PERNIKAHAN ANAK DI NTB TAK KUNJUNG TUNTAS, HAMBATAN MEWUJUDKAN SDGS 2030

0
79

Pemerintah Indonesia tengah menggenjot target Sustainable Develompent Goals (SDGS) 2030, yang ditetapkan pada September 2015 di Sidang Umum Perserikatan Bangsa-bangsa (PBB). Namun, Nusa Tenggara Barat menghambat tujuan SDGs tersebut karena menjadi provinsi tertinggi dalam kasus pernikahan anak, yang hendak dihempaskan.

Poin 5 dari 17 tujuan SDGs, yakni kesetaraan gender dengan poin spesifik, menghapuskan semua praktik berbahaya seperti perkawinan usia anak, perkawinan dini dan paksa, serta sunat perempuan. Tentunya praktik yang terjadi tiap provinsi mempengaruhi keberhasilan tersebut.

Apabila merujuk pada data BPS tahun 2022, NTB berada pada posisi tertinggi dalam praktik perkawinan anak dengan persentase 16,23 %. Angka tersebut dua kali lipat dari persentase secara nasional, yakni 8,06 %.

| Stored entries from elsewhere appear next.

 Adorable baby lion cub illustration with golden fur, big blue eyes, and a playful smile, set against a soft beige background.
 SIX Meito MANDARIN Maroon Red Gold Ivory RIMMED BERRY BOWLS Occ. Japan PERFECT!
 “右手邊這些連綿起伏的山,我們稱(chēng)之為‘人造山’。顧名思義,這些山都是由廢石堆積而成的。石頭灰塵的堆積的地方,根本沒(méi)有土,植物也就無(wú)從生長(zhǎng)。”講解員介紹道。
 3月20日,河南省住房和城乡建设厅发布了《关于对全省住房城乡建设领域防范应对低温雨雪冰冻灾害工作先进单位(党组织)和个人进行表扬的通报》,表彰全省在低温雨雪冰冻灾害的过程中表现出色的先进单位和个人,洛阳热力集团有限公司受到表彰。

Bahkan, pada 2023 persentase tersebut naik menjadi 17,32 % dan ada peningkatan sejumlah 1,09 %. Artinya, kesadaran masyarakat akan adanya praktik pernikahan anak masih rendah.

Badan Kependudukan dan Keluarga Berencana Nasional (BKKBN) menjadi badan yang berfokus dalam mencegah dan menuntaskan praktik pernikahan dini. Pencegahan yang dilakukan adalah dengan menyasar kelompok yang rentan terlibat.

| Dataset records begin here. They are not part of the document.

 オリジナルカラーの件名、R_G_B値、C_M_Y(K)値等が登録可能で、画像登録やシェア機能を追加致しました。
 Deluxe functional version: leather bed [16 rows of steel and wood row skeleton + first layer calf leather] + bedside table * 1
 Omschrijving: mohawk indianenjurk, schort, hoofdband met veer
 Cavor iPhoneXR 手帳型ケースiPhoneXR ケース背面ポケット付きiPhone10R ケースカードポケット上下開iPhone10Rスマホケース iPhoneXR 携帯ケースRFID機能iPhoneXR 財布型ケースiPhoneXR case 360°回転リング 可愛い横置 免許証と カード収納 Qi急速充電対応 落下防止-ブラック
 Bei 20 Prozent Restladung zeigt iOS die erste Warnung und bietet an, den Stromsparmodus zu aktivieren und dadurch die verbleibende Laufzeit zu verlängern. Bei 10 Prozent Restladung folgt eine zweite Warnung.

“Kami mendidiknya di kelompok ada yang namanya PIK-R sekolah dan luar sekolah, Pusat Informasi dan Konseling Remaja,” ungak Ketua Divisi Penanganan Remaja BKKBN saat ditemui.

Melalui program tersebut, para remaja yang tengah duduk di bangku sekolah mendapatkan informasi dan konseling untuk mencari jalan keluar atas permasalahan yang dihadapi. Penguru PIK-R akan dilatih dan dapat menyalurkan informasi ke tim dan siswa/i.

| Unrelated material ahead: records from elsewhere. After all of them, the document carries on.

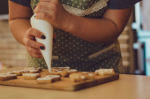 Domowej roboty tłuczone białko, kopia, przestrzeń. Białe jaja z bezy
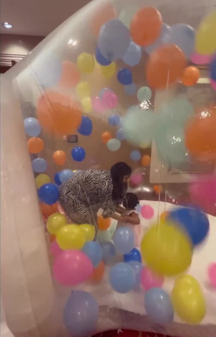 This is my most enchanting offering, a transparent inflatable dome that I fill with balloons. Kids can go inside for a unique, bubbly play experience, and I can customize the balloon colors to perfectly match your party's theme.
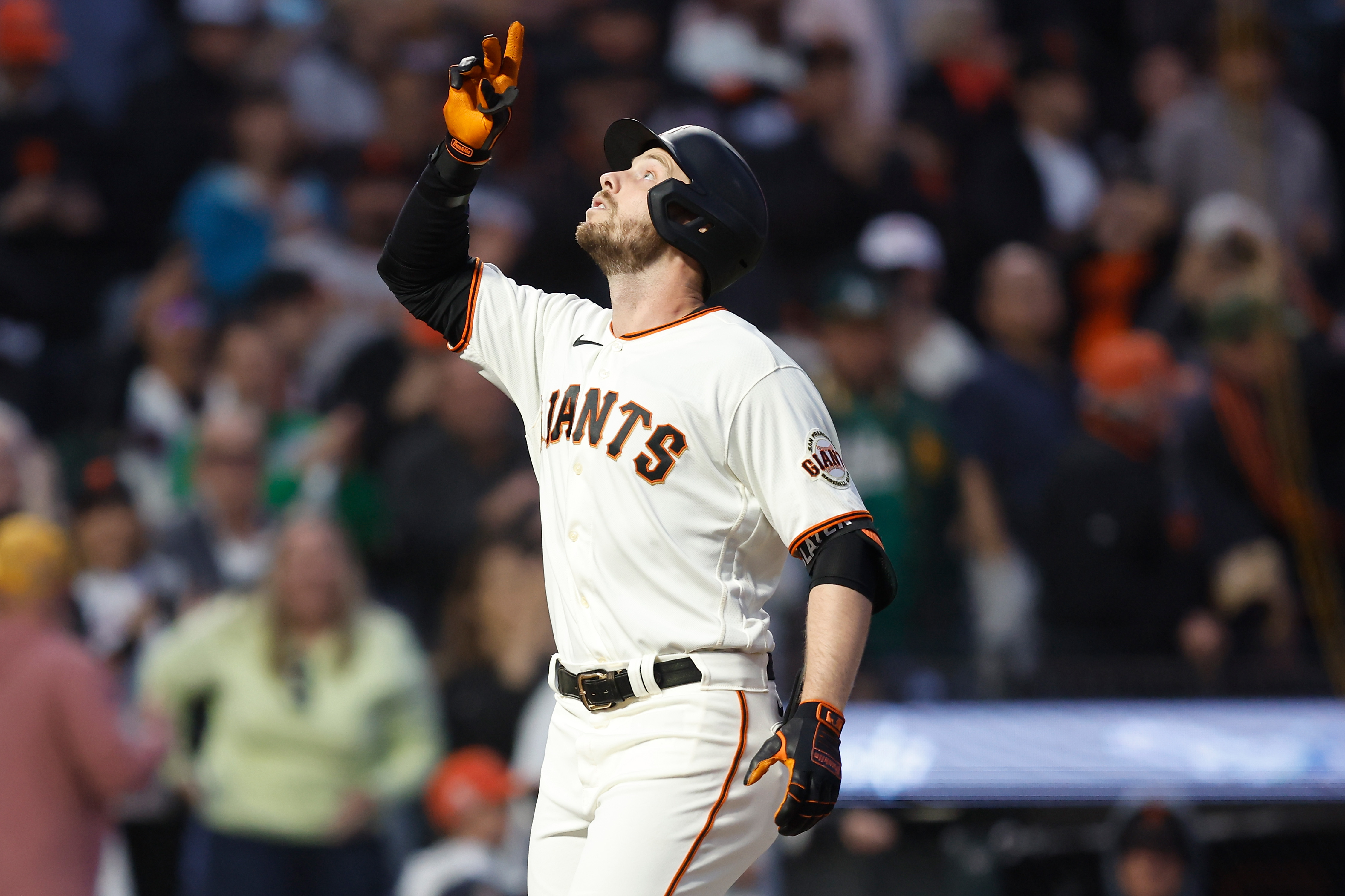 GettyAustin Slater #13 of the San Francisco Giants celebrates after hitting a two-run home run in the bottom of the sixth inning against the Oakland Athletics at Oracle Park on July 26, 2023 in San Francisco, California.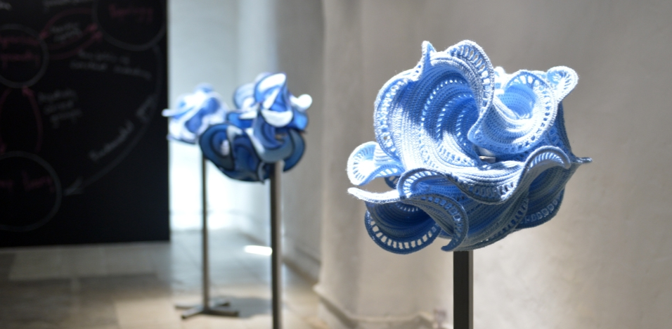 It needs to be added that for the entire period the exhibition is on show, on the 7th, 14th, 21st and 28th of October, Daina Taimiņa invites exhibition visitors to evenings of tea and crocheting at 5 p.m. And on the 11th of October, children are invited to an excursion into mathematics and hyperbolic planes. During the lecture, children will be offered to make their versions of hyperbolic planes of paper.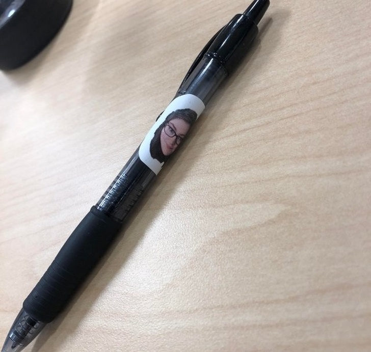 O femeie exasperata ca ii sunt luate pixurile a decis sa le personalizeze

“Yang diajarkan, pertama KESPRO atau Kesehatan Reproduksi untuk memberikan informasi mengenai reproduksi,” jelasnya.

Program lain yang menjadi fokus adalah sosialisasi mengenai anemia, yang memiliki keterkaitan akan minat dan mencegah adanya pernikahan anak. Apalagi, hampir 50 % wanita di NTB mengalami anemia.

Terakhir, adanya Program Life Skill, yang berisi mengenai bagaimana cara remaja mengetahui jati diri, tujuan hidup, hingga solusi dalam menghadapi permasalahan. Program ini lebih memfokuskan terhadap soft skill.

Berdasarkan program tersebut dengan persentase pernikahan anak yang tinggi di NTB diharapkan mampu menuntaskan permasalahan pelik tersebut. Apalagi persentase itu harus terus dikendalikan dari berbagai program strategis.

“Mendidik untuk memberikan pemahaman dan kesadaran kepada masyarakat menjadi tantangan tersendiri,” pungkasnya.

Lingkungan sekitar memiliki pengaruh erat terhadap melanggengnya praktik pernikahan anak di NTB. Lingkungan memberikan pengaruh 70-80% terhadap pembentukan karakter remaja.

Apabila program tersebut tidak dilakukan secara masif, pemahaman remaja menjadi sangat rendah dan praktik pernikahan anak semakin tinggi. Alhasil, penuntasan poin 5 dalam SDGs tidak akan pernah tuntas.